While KERS can only store a limited amount of energy, the system is compact and quite lightweight. KERS is especially effective in applications with lots of acceleration and deceleration, which is the case with F1 racers as they go from corner to corner. The energy stored in a lightweight steel and composite flywheel spinning at over 60,000 rpm can be used to accelerate the vehicle. The FIA defined the amount of energy recovery for the 2009 season as 400 kiloJoules per lap, providing an extra 80 horsepower over a period of 6.67 seconds. Its low weight, about 55 pounds, is also very important in motorsports.
Flybrid Systems in Britain supplies the KERS that uses continuously variable transmission (CVT) technology obtained through its partnership with Torotrak Plc and Xtrac Ltd. Xtrac uses Torotrak’s full-toroidal traction drive technology developed for KERS use in motorsports. Drivers use a power boost button on the steering wheel when they want to use the stored energy for a quick power boost.
A flywheel system offers up to twice the efficiency of a battery storage system. The overall in-out efficiency of 65 to 70 percent compares to 35 to 45 percent for a hybrid battery-electric system. That is because it’s an entirely mechanical system. In a battery system, kinetic energy has to be converted back and forth to electrical and chemical energy, thus the efficiency losses.
While introduced in F1 racing, KERS could be used in other motorsports venues and ultimately in road cars. For example, the British government is funding the Flywheel Hybrid System for Premium Vehicles project as one of 16 innovative low carbon vehicle development projects. Jaguar Cars will lead a consortium made up of Flybrid Systems, Ford Motor Co. Ltd, Prodrive, Ricardo UK Ltd, Torotrak Plc, and Xtrac Ltd. The project will demonstrate the technology in an existing vehicle platform to prove its effectiveness and viability for production use in a premium passenger vehicle as an alternative to other hybrid systems.
Not all F1 teams are using a flywheel based KERS. The BMW Sauber F1 Team is developing an electric KERS brake energy regeneration and storage system that uses a combination electric motor/generator, power electronics, and lithium-ion batteries for energy storage.
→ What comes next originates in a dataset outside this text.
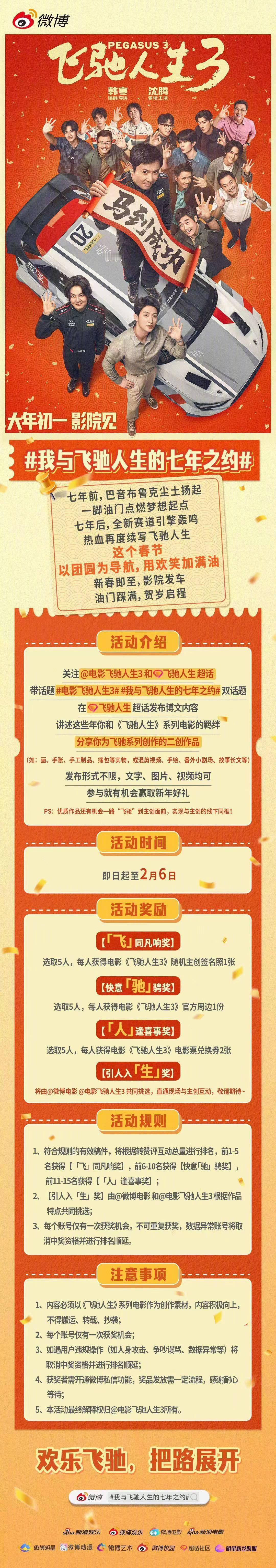 七年之约,一路轰鸣。《飞驰人生3》有奖互动开启了!即日起到2月6日,进入飞驰人生 ,带电影飞驰人生3 我与飞驰人生的七年之约双话题,讲述你和《飞驰人生》系列电影的羁绊,分享你为飞驰系列创作的二创作品,有机会get随机主创签名照/官方周边/电子票码!优质作品还有机会和主创线下同框喔~更多活动详情见下方长图👇
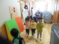 4月は、1回目年長組さん、2回目に年少組さんが避難しました。

Unlike the regenerative braking used in most hybrid electric vehicles including several BMW hybrids, the BMW KERS has a much greater power density to meet the needs of racing. Weighing less than 88 pounds, it can provide 60 kilowatts (80-horsepower) of output over about 6.5 seconds of acceleration. BMW says this technology will flow into production car development in the future.